- **Exercise material**:
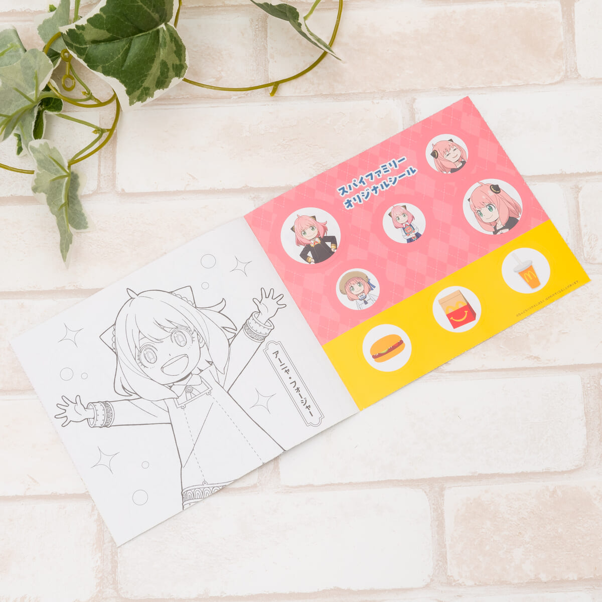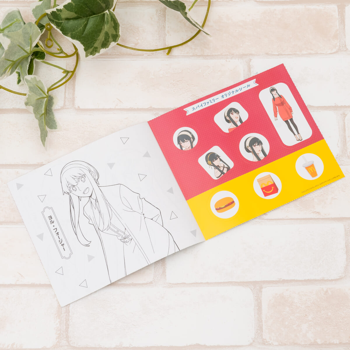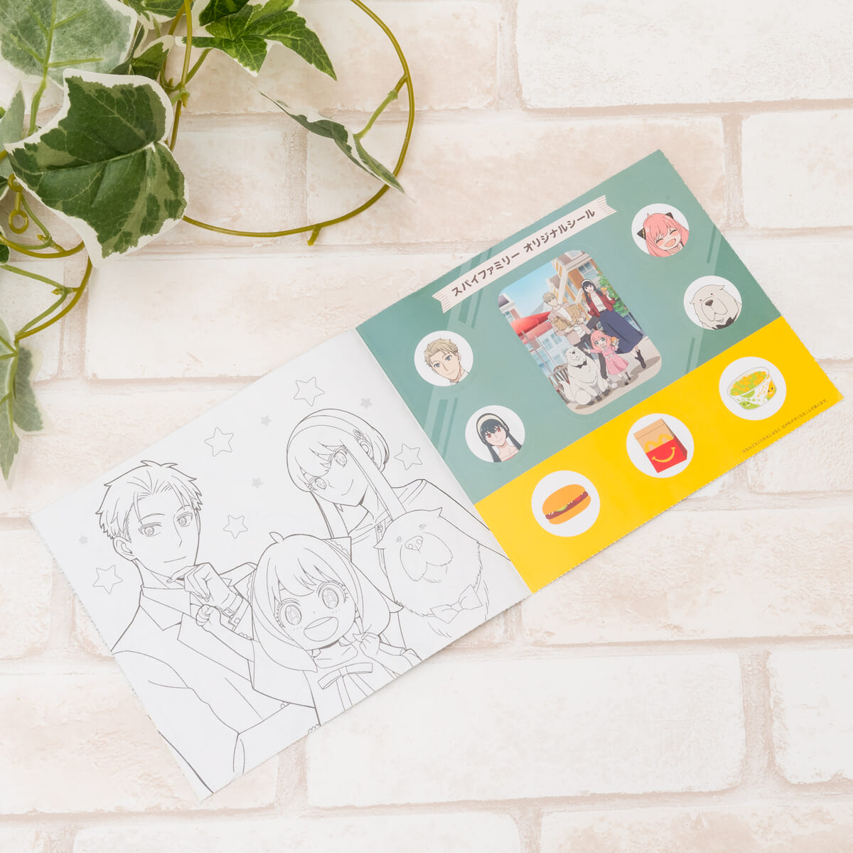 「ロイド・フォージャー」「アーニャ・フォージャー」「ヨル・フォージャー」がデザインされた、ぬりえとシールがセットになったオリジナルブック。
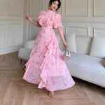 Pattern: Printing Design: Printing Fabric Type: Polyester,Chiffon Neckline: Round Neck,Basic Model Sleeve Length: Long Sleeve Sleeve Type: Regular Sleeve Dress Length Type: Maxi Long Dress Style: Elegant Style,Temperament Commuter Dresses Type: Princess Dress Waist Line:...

==

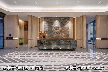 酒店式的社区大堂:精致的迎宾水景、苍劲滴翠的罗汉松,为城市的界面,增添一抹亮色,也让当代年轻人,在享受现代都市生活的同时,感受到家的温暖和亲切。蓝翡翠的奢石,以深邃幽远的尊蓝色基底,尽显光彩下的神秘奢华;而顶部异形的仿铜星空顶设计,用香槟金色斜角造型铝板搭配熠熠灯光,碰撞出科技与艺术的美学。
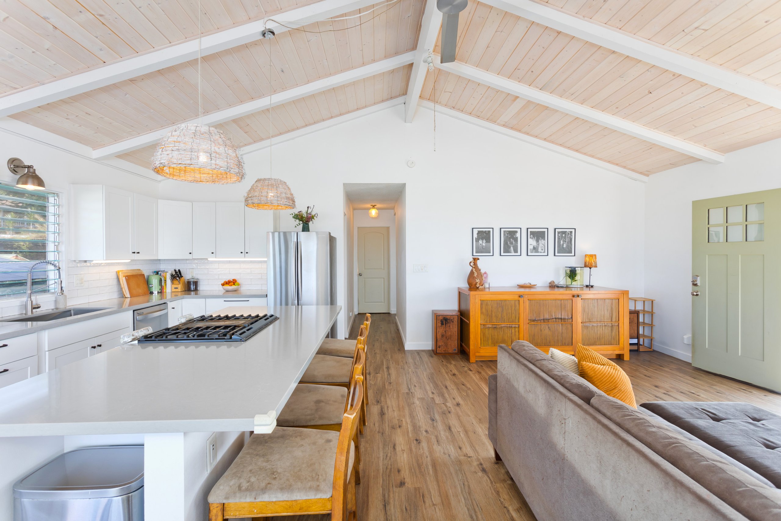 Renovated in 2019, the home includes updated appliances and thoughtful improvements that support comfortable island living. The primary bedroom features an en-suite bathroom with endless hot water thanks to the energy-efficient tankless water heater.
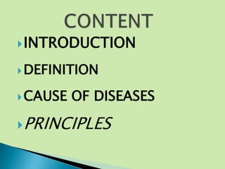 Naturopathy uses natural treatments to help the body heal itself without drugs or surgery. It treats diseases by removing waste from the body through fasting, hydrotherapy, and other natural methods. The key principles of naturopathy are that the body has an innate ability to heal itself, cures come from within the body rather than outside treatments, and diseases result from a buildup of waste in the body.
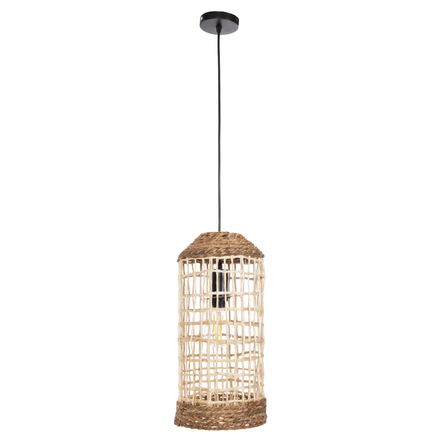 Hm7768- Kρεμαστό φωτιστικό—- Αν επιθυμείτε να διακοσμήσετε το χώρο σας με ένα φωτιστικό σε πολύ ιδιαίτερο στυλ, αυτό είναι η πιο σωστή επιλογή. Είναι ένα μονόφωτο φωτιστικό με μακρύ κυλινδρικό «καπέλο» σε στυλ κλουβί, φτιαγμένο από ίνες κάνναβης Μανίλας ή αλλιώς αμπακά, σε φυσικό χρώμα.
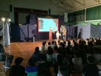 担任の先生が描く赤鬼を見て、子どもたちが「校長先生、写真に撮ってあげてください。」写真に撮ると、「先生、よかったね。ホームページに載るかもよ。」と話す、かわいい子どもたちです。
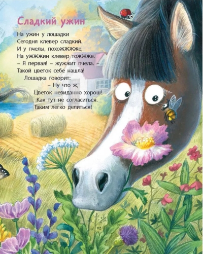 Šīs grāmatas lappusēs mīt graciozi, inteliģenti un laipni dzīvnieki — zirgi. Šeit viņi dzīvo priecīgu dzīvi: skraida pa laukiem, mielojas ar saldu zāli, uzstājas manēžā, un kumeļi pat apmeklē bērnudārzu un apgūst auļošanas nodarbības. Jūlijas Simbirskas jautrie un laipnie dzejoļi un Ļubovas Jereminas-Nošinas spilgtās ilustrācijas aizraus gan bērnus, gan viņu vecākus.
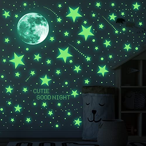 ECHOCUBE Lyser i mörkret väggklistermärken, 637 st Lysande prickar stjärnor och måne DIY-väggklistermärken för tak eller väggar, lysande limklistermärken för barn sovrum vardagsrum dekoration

- **Work item**:
Range to copy from the listing above: the line containing "Hm7768- Kρεμαστό φωτιστικό—- Αν" down to the line containing "ECHOCUBE Lyser i", both included. Reproduce it exactly, minus the pictures, and add nothing.

- **Solution for this task**:
 Hm7768- Kρεμαστό φωτιστικό—- Αν επιθυμείτε να διακοσμήσετε το χώρο σας με ένα φωτιστικό σε πολύ ιδιαίτερο στυλ, αυτό είναι η πιο σωστή επιλογή. Είναι ένα μονόφωτο φωτιστικό με μακρύ κυλινδρικό «καπέλο» σε στυλ κλουβί, φτιαγμένο από ίνες κάνναβης Μανίλας ή αλλιώς αμπακά, σε φυσικό χρώμα.
 担任の先生が描く赤鬼を見て、子どもたちが「校長先生、写真に撮ってあげてください。」写真に撮ると、「先生、よかったね。ホームページに載るかもよ。」と話す、かわいい子どもたちです。
 Šīs grāmatas lappusēs mīt graciozi, inteliģenti un laipni dzīvnieki — zirgi. Šeit viņi dzīvo priecīgu dzīvi: skraida pa laukiem, mielojas ar saldu zāli, uzstājas manēžā, un kumeļi pat apmeklē bērnudārzu un apgūst auļošanas nodarbības. Jūlijas Simbirskas jautrie un laipnie dzejoļi un Ļubovas Jereminas-Nošinas spilgtās ilustrācijas aizraus gan bērnus, gan viņu vecākus.
 ECHOCUBE Lyser i mörkret väggklistermärken, 637 st Lysande prickar stjärnor och måne DIY-väggklistermärken för tak eller väggar, lysande limklistermärken för barn sovrum vardagsrum dekoration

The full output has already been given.